Я киваю головой, а юноша, набирая уверенность, продолжает говорить:
— За два года второй мировой войны вермахт ещё не знал поражений. Ни горные хребты, такие как Альпы и Карпаты, ни водные преграды, такие как Маас, Рона, Дунай, Днепр, Днестр, Буг, Висла, Неман, служившие мощными рубежами сопротивления фашистам, не стали для них непреодолимыми препятствиями…

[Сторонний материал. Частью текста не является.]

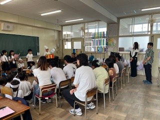 本日、2時間目に日本語アカデミーの学生さんたちが来校されて、3年生と活動を行いました。

— Хорошо, — говорю я. — Только, пожалуйста, ближе к теме, к битве за Ленинград.
— В августе — сентябре сорок первого года фашистские полчища приблизились к Ленинграду. Перед ними лежала плоская как стол равнина. Ни горных хребтов, ни даже сколько-нибудь значительных высот, ни больших рек… Перед ними почти нет регулярных частей Красной Армии. На их пути дивизии наскоро обученных и снаряжённых добровольцев и бригады сошедших на берег моряков…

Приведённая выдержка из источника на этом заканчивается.